Teenager Accused Of Leading Ring Of ‘Evil Geniuses’ On $24 Million ‘Cybercrime Spree’

Teenager Accused Of Leading Ring Of ‘Evil Geniuses’ On $24 Million ‘Cybercrime Spree’

Yesterday, the prominent bitcoin investor Michael Terpin announced that he’d filed suit against the ringleader of a “SIM swap gang” that he’d been chasing down since 2018, following the theft of roughly a collective $US24 ($37) million in bitcoin from his digital wallets. And it turns out the culprit, in this case, wasn’t a criminal mastermind, but a shitty teenager.

That’s according to the complaint Terpin filed yesterday against now 18-year-old Ellis Pinsky, a high school student in suburban New York who’s currently “on track” to graduate high school. As Terpin explains, the then 15-year-old Pinsky led a 20-person “cybercrime spree” back in 2018 along with 20 other co-conspirators, netting themselves a collective $US100 ($153) million in digital crypto in the process.

“In his early teens, [Pinsky] began hacking computers with the mission of accessing his victims’ private accounts where they store their cryptocurrency holdings or private information,” the complaint explains. It elaborates:

Once his cohorts or he breach the security wall with a stolen mobile phone SIM card belonging to his ‘mark,’ they use that victim’s telephone or computer to locate information to take charge of the victim’s cryptocurrency accounts and to transfer the proceeds of those accounts to their control.

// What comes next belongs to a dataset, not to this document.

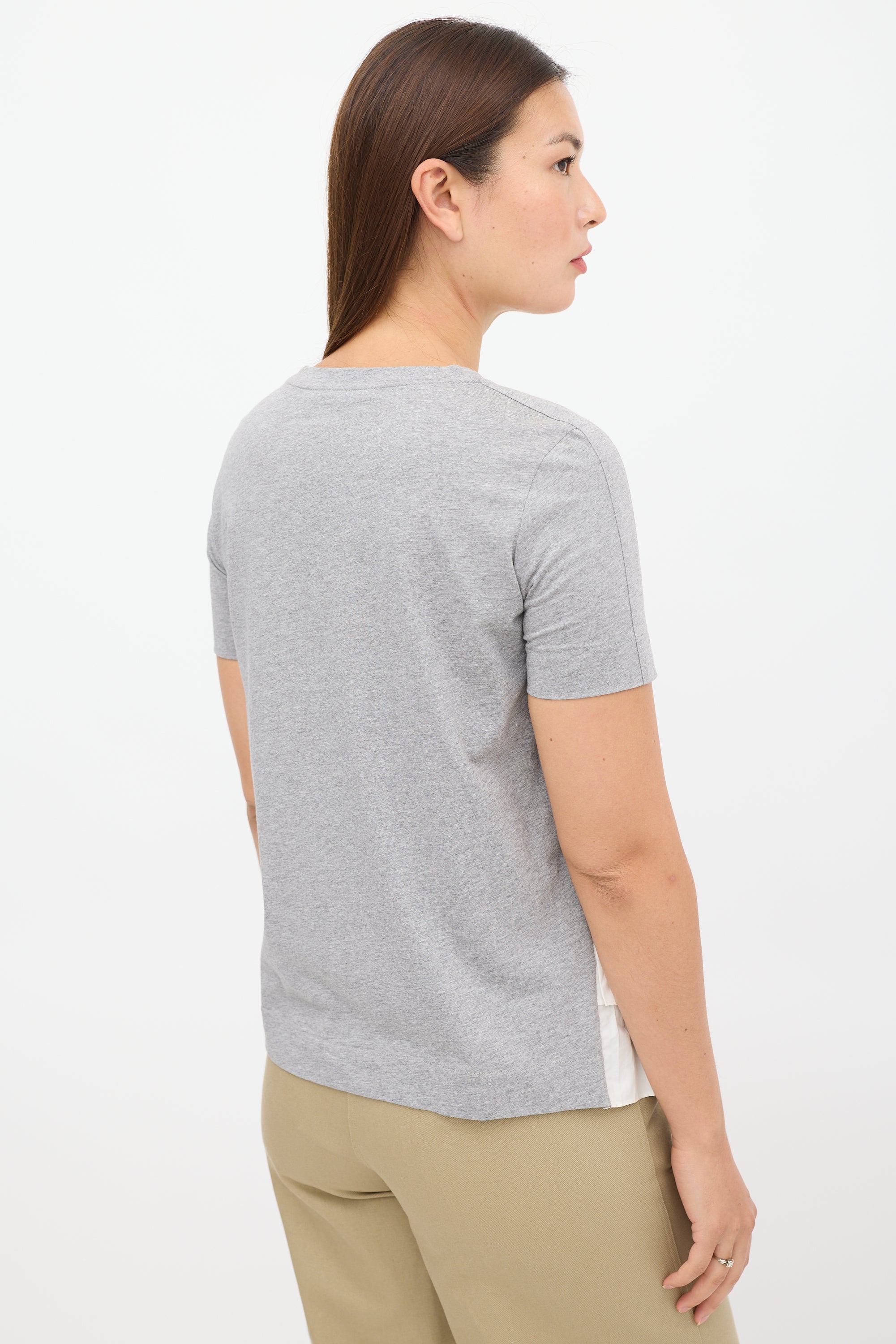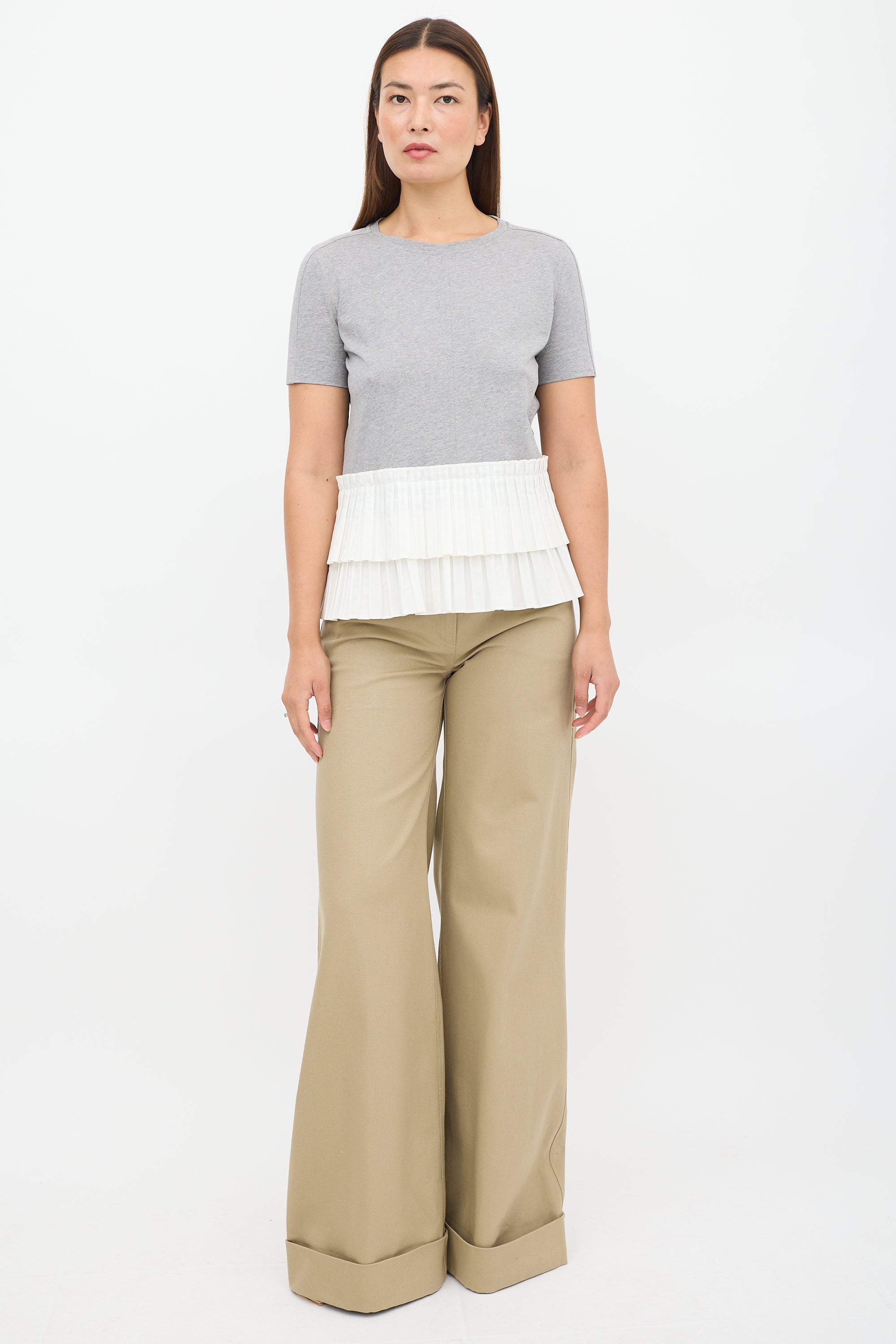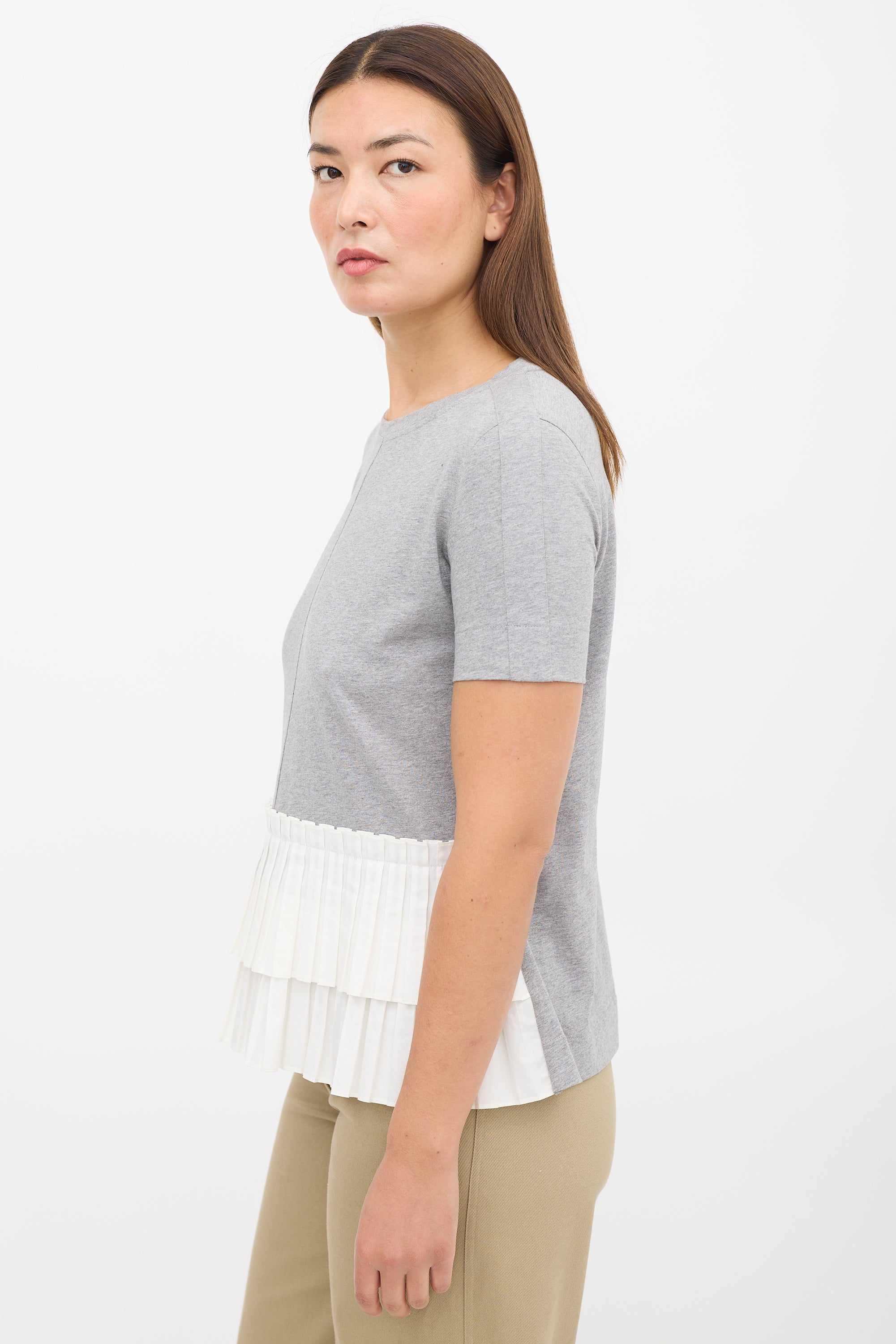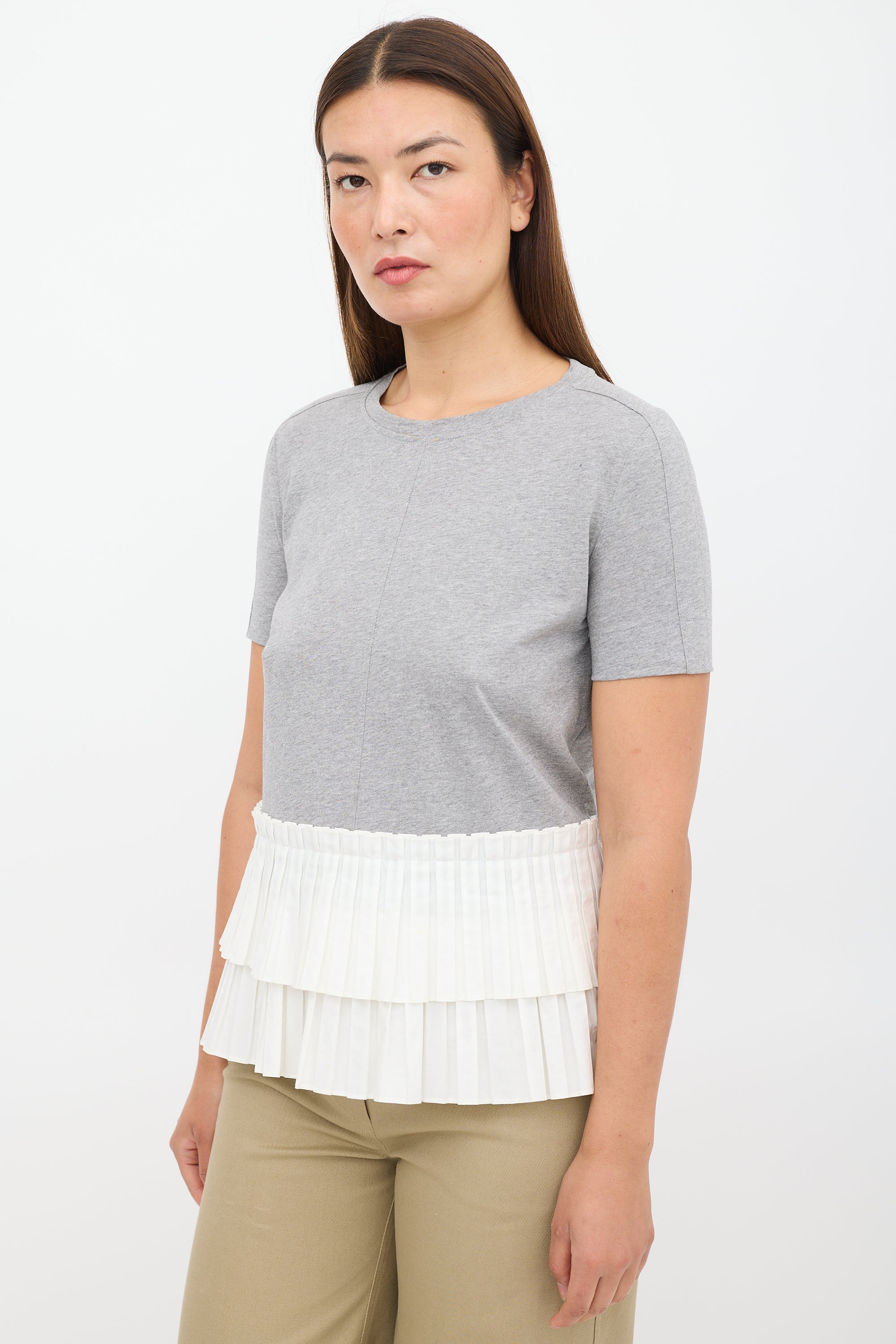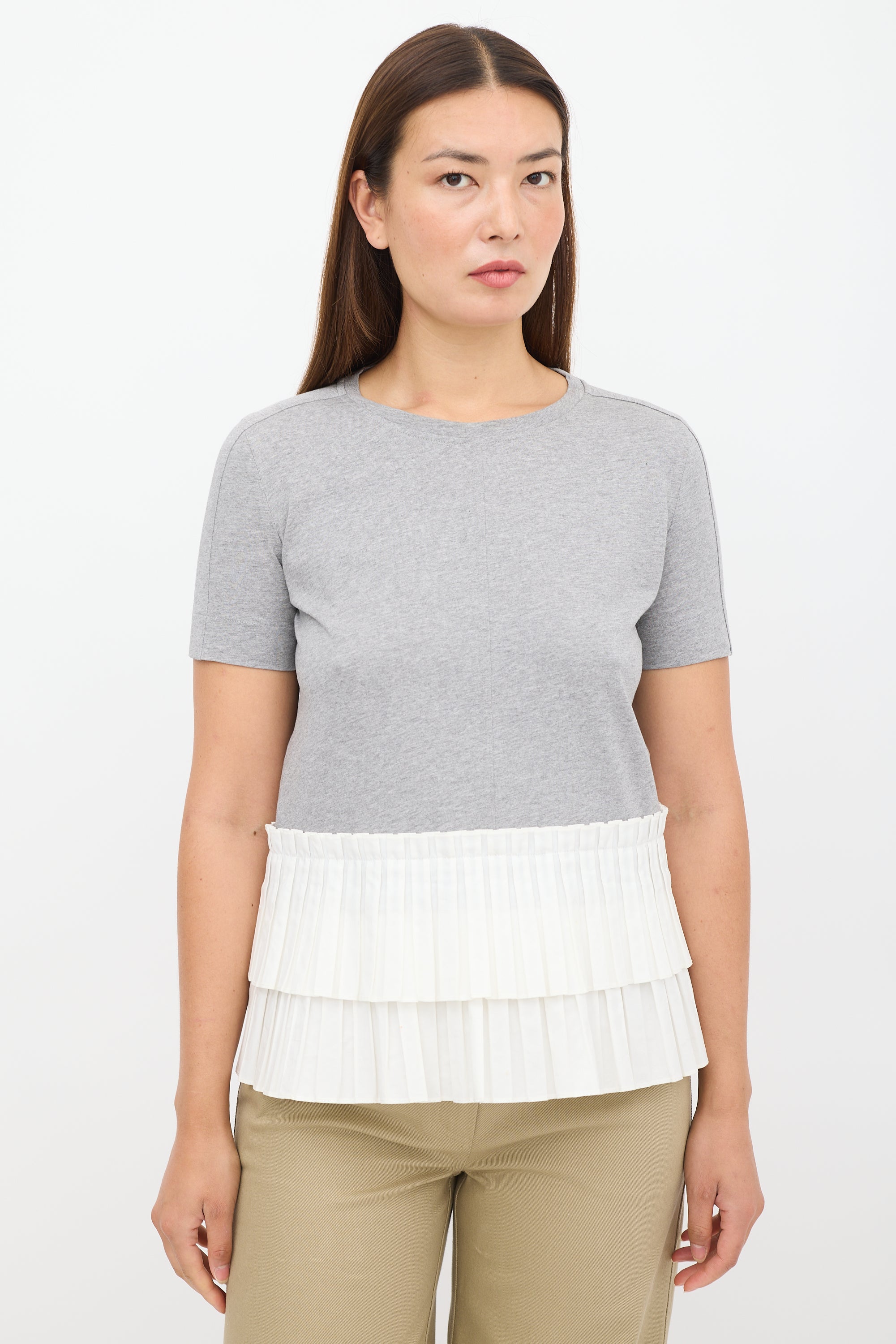Pre-owned Marni grey T-shirt featuring a round neckline, short sleeves, centre seam, and white pleated trim at hem.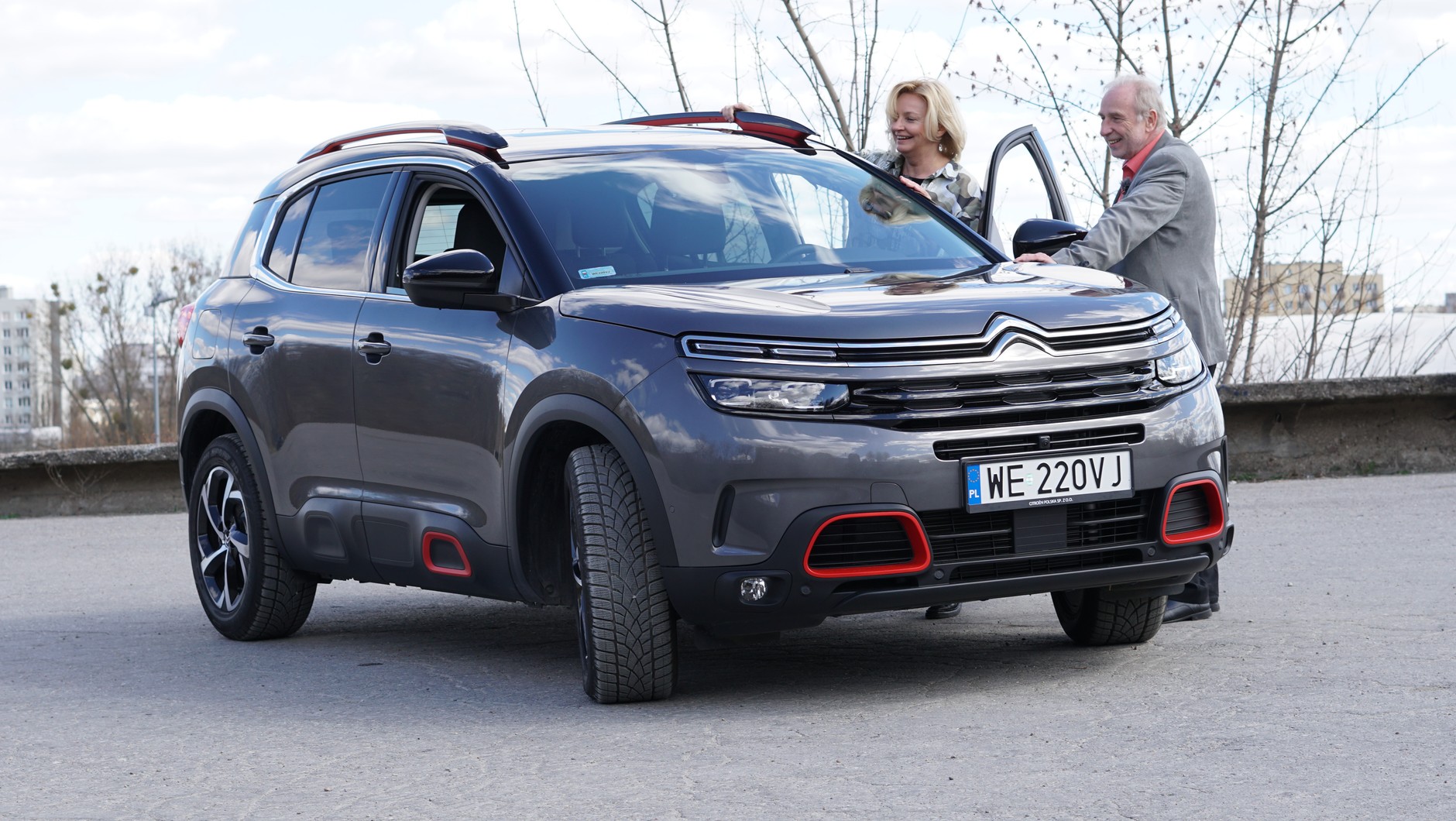 Do przetestowania tegorocznej nowości – Citroëna C5 Aircross z najmocniejszym, niemal 180-konnym dieslem 2.0 i automatyczną skrzynią biegów – zgłosiło się dwoje Czytelników z Warszawy: Ewa Racka i Ryszard Korlak. Nie ukrywaliśmy, że tym razem będą mogli przejechać się wyjątkowo komfortowym SUV-em! Zaczęliśmy jednak od dokładnego obejrzenia najnowszego francuskiego modelu na postoju. Jak zauważył Ryszard: Dzisiaj coraz trudniej jest się wyróżnić, bo w sumie wszystkie SUV-y wyglądają podobnie, a tu, w przypadku C5 Aircrossa, czekało mnie spore zaskoczenie, bo ten SUV ma swój styl.

According to the docket, Pinsky met his co-conspirators online and worked with them to deliberately track down the telephone and carrier information of potential targets that had large holdings in the crypto community. They then used that information—along with “forged identity papers,” to coerce the carrier into giving the group control over the target’s phone. Once there, they would rifle through the phone owner’s files until they could access any account or password information about any cryptocurrency holdings the person might have.

Pinsky and his cohorts aren’t alone in their crypto-related crimes. Costs relating to these cases surged to roughly $US4.5 ($7) billion last year, more than doubling from the year prior. That same year, Terpin was awarded nearly $US76 ($116) million in a case against 21-year-old Nicholas Truglia, an undergraduate college student who allegedly worked alongside Pinsky in the 2018 heist.

These sorts of financial crimes, according to Terpin’s suit, “are no less insidious than bank robberies, credit card and bank fraud, and money laundering by drug traffickers and terrorists.” It just turns out that they’re also easy enough for a teen to pull off.